[prev in list] [next in list] [prev in thread] [next in thread] 

List:       ubuntu-devel
Subject:    Re: zstd compression for packages
From:       Daniel Axtens <daniel.axtens () canonical ! com>
Date:       2018-03-13 1:07:43
Message-ID: CAKjEEsFsRWxJznWLVOHtsp+fP8Ukj+pBBw92bV=6u4BkmsDSfw () mail ! gmail ! com
[Download RAW message or body]

[Attachment #2 (multipart/alternative)]


On Tue, Mar 13, 2018 at 1:43 AM, Balint Reczey <balint.reczey@canonical.com>
wrote:

> Hi Daniel,
> 
> On Mon, Mar 12, 2018 at 2:11 PM, Daniel Axtens
> <daniel.axtens@canonical.com> wrote:
> > Hi,
> > 
> > I looked into compression algorithms a bit in a previous role, and to be
> > honest I'm quite surprised to see zstd proposed for package storage.
> zstd,
> > according to its own github repo, is "targeting real-time compression
> > scenarios". It's not really designed to be run at its maximum compression
> > level, it's designed to really quickly compress data coming off the wire
> -
> > things like compressing log files being streamed to a central server, or
> I
> > guess writing random data to btrfs where speed is absolutely an issue.
> > 
> > Is speed of decompression a big user concern relative to file size? I
> admit
> > that I am biased - as an Australian and with the crummy internet that my
> > location entails, I'd save much more time if the file was 6% smaller and
> > took 10% longer to decompress than the other way around.
> 
> Yes, decompression speed is a big issue in some cases.
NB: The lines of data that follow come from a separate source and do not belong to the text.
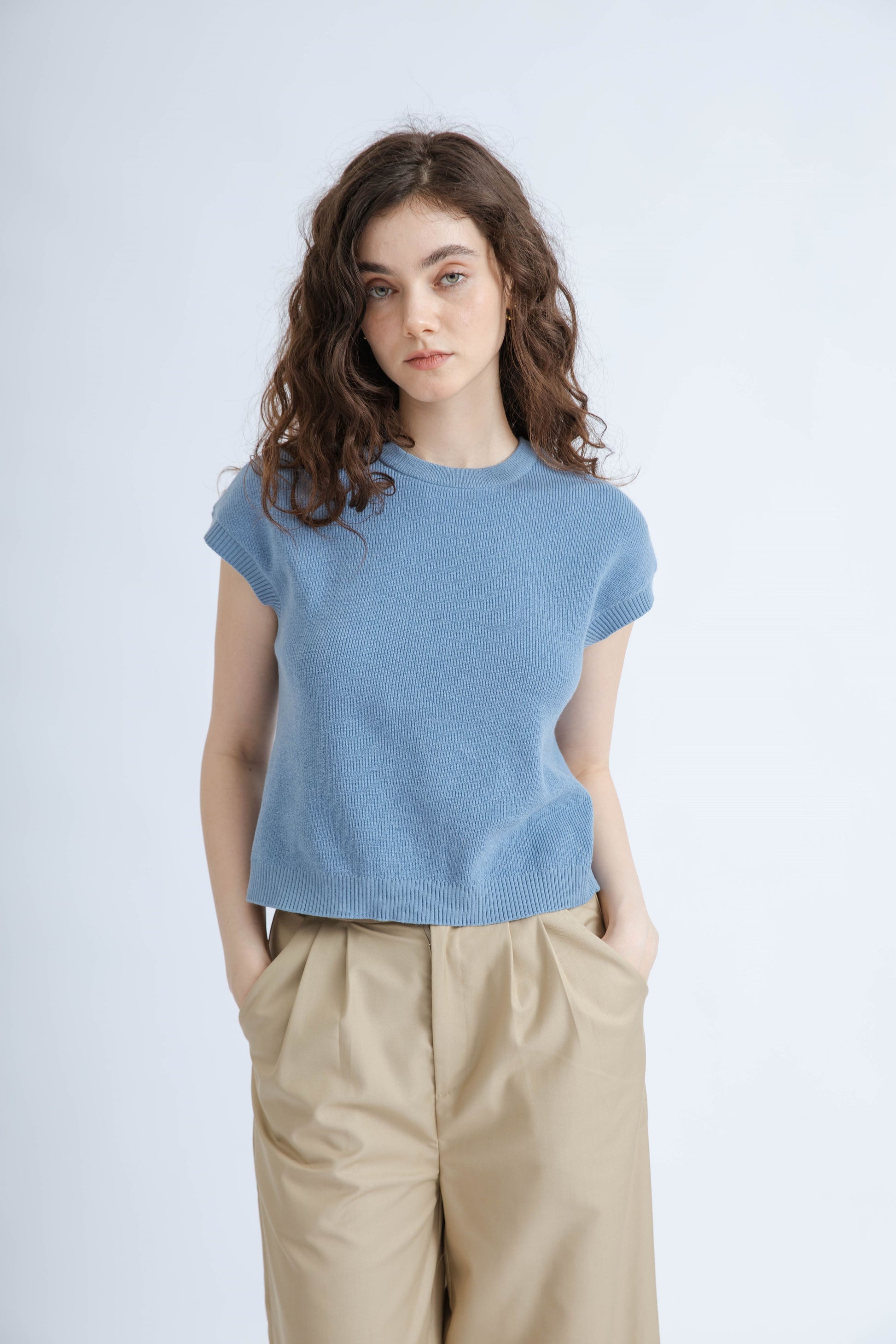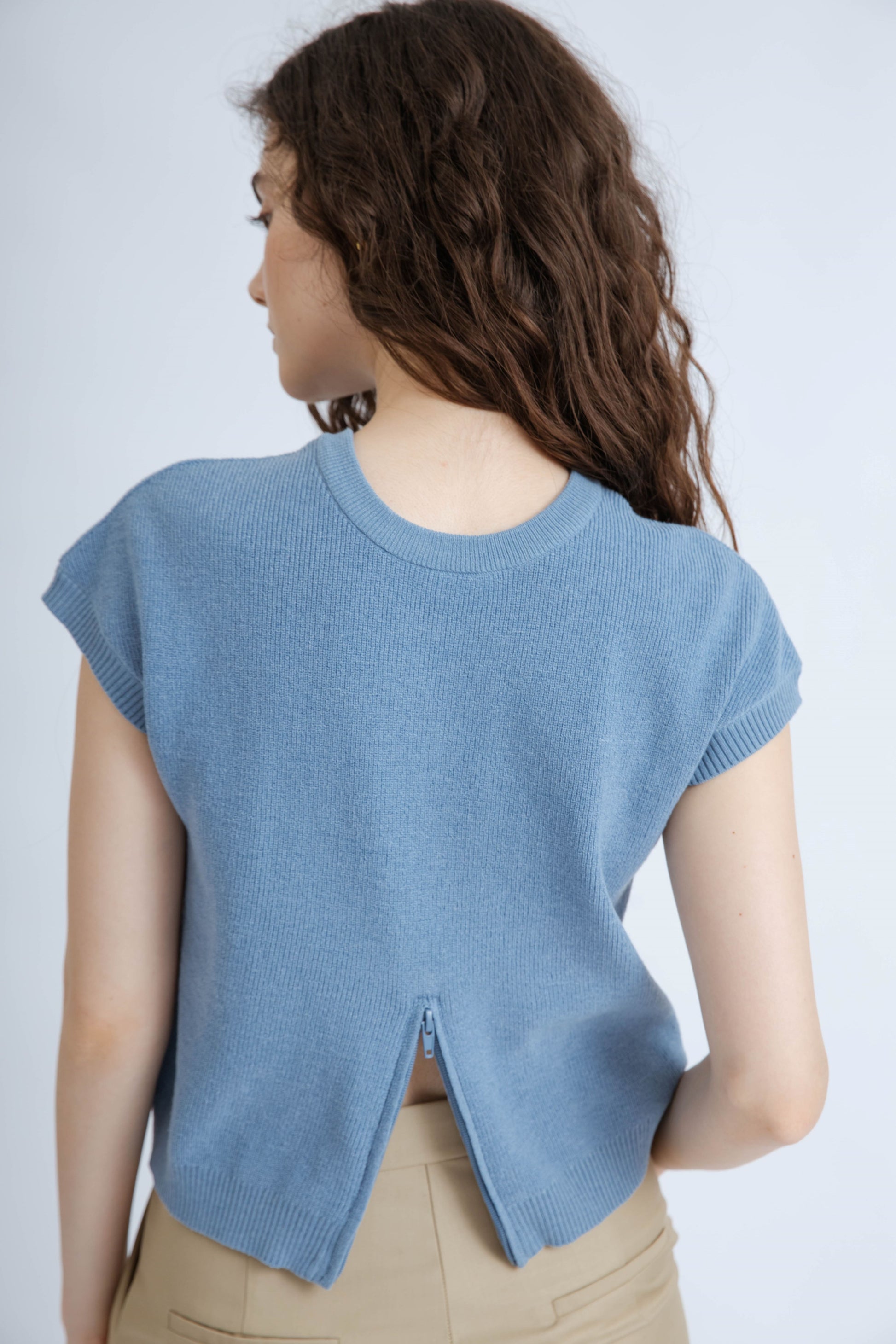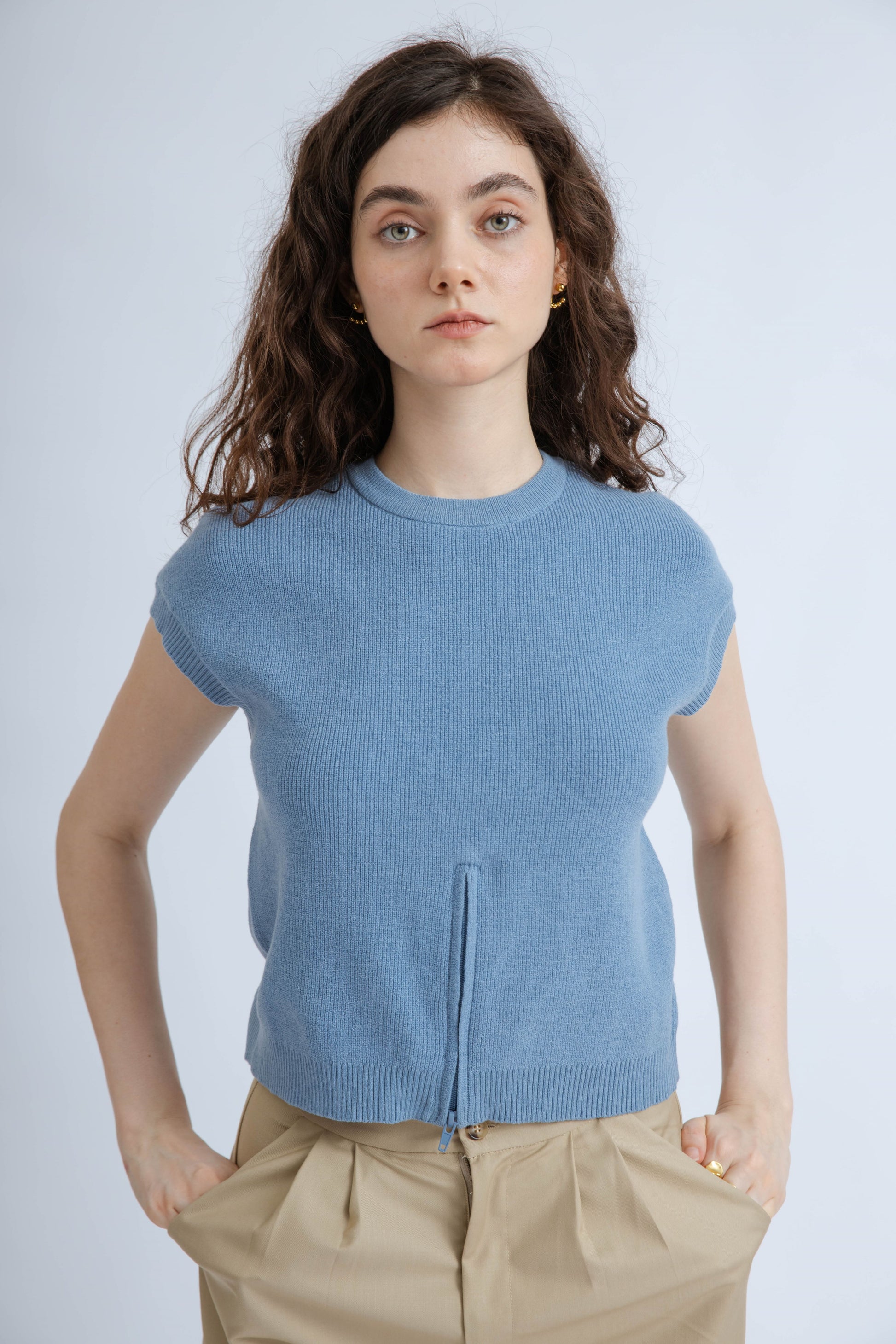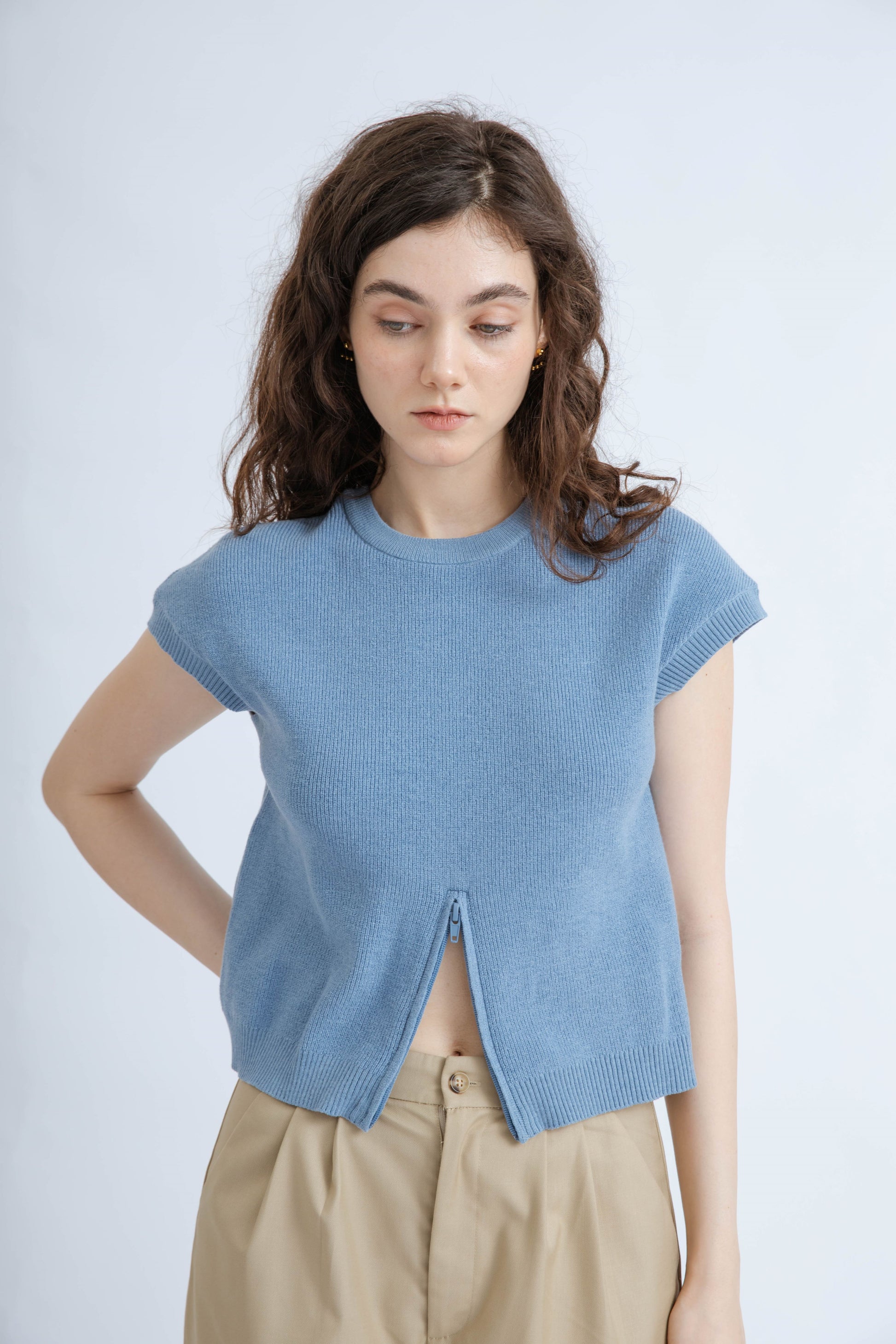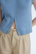 Elevate your everyday essentials with this modern sleeveless knit top, crafted from 90% recycled polyester and 10% nylon for a soft, lightweight feel with a subtle sheen. Designed with clean lines , this piece features a unique zippered slit at the hem—allowing you to customize your silhouette with a hint of edge.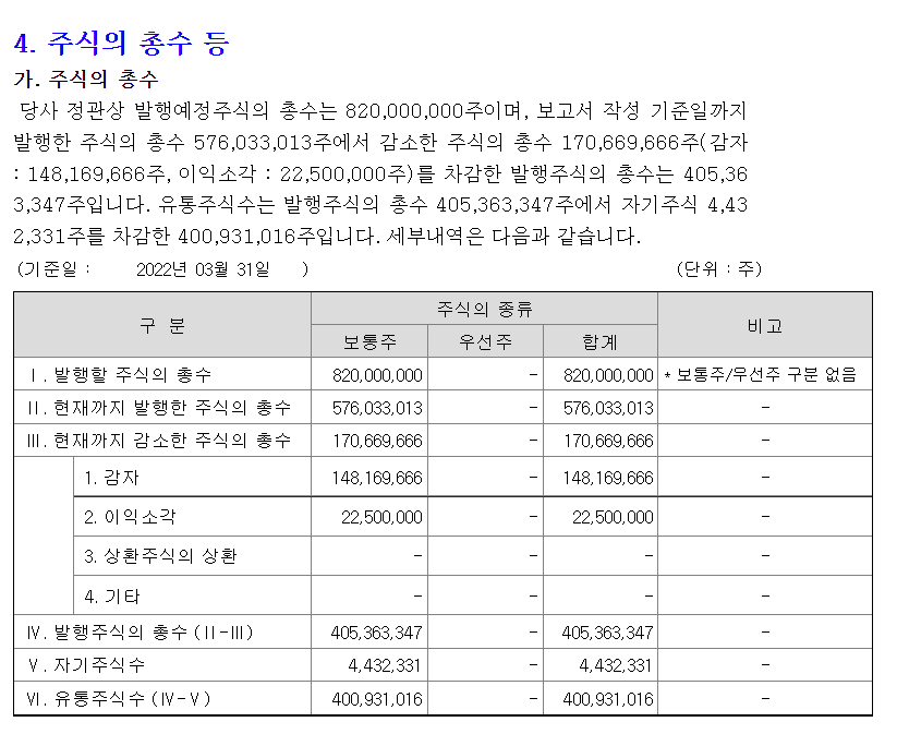 2021년 3월 31일 기준 기아 주식의 총수를 보시면,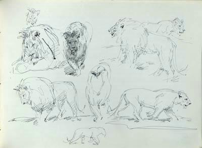 В верхнем левом углу набросок головы льва в фас, ниже набросок лежащего льва в фас и идущего льва в фас. Слева внизу набросок стоящего льва с опущенной головой в профиль влево, правее неоконченный набросок стоящего льва в фас, ниже маленький контурный набросок льва в профиль вправо. В верхнем правом углу изображен стоящий лев в профиль влево, за ним стоит львица в профиль вправо. В нижнем правом углу набросок идущей львицы в профиль вправо.

Please consider
> the case of provisioning cluoud/container instances, where after
> booting the image plenty of packages need to be installed and saving
> seconds matter a lot.
> 
> Zstd format also allows parallel decompression which can make package
> installation even quicker in wall-clock time.
> 
> Internet connection speed increases by ~50% (according to this [3]
> study which matches my experience)  on average per year which is more
> than 6% for every two months.
> 
> 
The future is pretty unevenly distributed, and lots of the planet is stuck
on really bad internet still.

AFAICT, [3] is anecdotal, rather than a 'study' - it's based on data from 1
person living in California. This is not really representative. If we look
at the connection speed visualisation from the Akamai State of the Internet
report [4], it shows that lots and lots of countries - most of the world! -
has significantly slower internet than that person.

(FWIW, anecdotally, I've never had a residential connection get faster
(except when I moved), which is mostly because the speed of ADSL is pretty
much fixed. Anecdotal reports from users in developing countries, and rural
areas of developed countries are not encouraging either: [5].)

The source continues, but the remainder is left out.